* **What you will do**
Give back exactly the lines of the entries below from the line with "Saudi Arabia accounts" to the line with "Pesuruumide, esiku ja", inclusive, and only those.

[Start of Attachment]

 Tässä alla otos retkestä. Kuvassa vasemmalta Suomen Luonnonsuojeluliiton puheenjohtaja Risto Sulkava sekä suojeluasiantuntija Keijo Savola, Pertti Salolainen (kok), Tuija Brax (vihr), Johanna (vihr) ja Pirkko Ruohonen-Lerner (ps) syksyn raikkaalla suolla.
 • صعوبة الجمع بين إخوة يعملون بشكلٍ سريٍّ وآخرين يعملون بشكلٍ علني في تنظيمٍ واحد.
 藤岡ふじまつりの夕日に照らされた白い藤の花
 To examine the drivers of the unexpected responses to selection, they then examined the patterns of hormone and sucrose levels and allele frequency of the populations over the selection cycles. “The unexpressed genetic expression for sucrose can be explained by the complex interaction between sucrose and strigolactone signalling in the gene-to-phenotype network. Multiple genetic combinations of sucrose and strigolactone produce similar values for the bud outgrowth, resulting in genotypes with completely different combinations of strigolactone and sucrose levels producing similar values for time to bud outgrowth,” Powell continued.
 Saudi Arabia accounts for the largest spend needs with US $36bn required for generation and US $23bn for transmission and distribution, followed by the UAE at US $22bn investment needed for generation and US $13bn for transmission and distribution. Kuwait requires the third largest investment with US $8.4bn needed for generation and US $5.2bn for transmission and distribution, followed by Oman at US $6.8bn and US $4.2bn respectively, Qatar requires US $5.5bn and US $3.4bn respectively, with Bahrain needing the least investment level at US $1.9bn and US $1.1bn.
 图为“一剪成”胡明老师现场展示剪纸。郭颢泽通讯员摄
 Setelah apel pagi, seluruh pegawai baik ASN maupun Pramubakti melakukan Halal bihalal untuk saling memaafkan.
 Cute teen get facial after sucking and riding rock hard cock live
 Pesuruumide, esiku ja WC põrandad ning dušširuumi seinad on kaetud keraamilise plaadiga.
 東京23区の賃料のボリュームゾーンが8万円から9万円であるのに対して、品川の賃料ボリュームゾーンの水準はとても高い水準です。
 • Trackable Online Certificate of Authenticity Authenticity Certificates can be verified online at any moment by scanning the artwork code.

[End of Attachment]
[Start of Attachment]

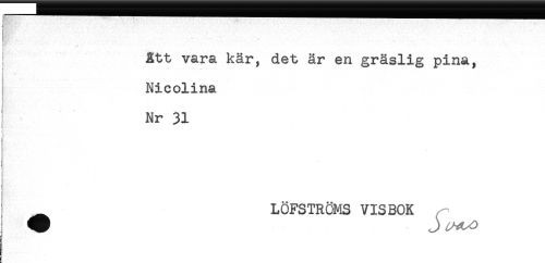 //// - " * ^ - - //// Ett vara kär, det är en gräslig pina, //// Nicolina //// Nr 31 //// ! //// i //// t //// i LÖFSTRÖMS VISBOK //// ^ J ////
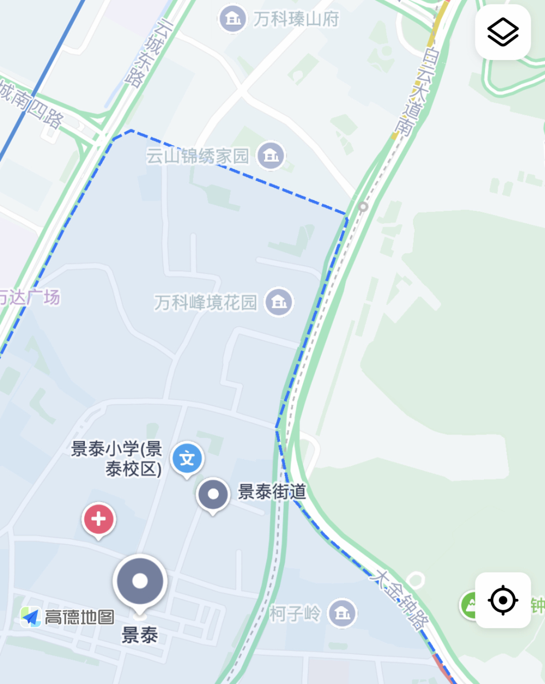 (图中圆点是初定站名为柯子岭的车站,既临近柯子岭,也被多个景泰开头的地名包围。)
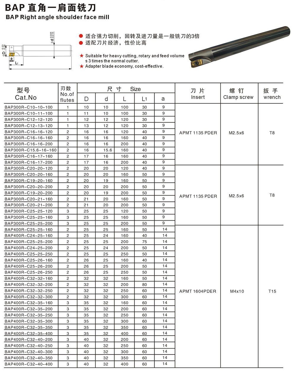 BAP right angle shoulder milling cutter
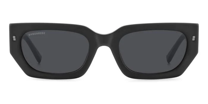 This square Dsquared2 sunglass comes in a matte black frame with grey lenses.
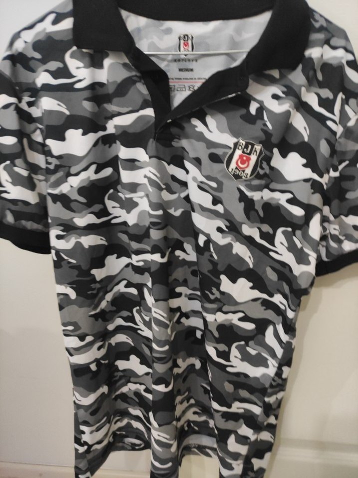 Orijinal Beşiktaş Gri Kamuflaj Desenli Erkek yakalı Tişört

[End of Attachment]

* **Your solution**
 Saudi Arabia accounts for the largest spend needs with US $36bn required for generation and US $23bn for transmission and distribution, followed by the UAE at US $22bn investment needed for generation and US $13bn for transmission and distribution. Kuwait requires the third largest investment with US $8.4bn needed for generation and US $5.2bn for transmission and distribution, followed by Oman at US $6.8bn and US $4.2bn respectively, Qatar requires US $5.5bn and US $3.4bn respectively, with Bahrain needing the least investment level at US $1.9bn and US $1.1bn.
 图为“一剪成”胡明老师现场展示剪纸。郭颢泽通讯员摄
 Setelah apel pagi, seluruh pegawai baik ASN maupun Pramubakti melakukan Halal bihalal untuk saling memaafkan.
 Cute teen get facial after sucking and riding rock hard cock live
 Pesuruumide, esiku ja WC põrandad ning dušširuumi seinad on kaetud keraamilise plaadiga.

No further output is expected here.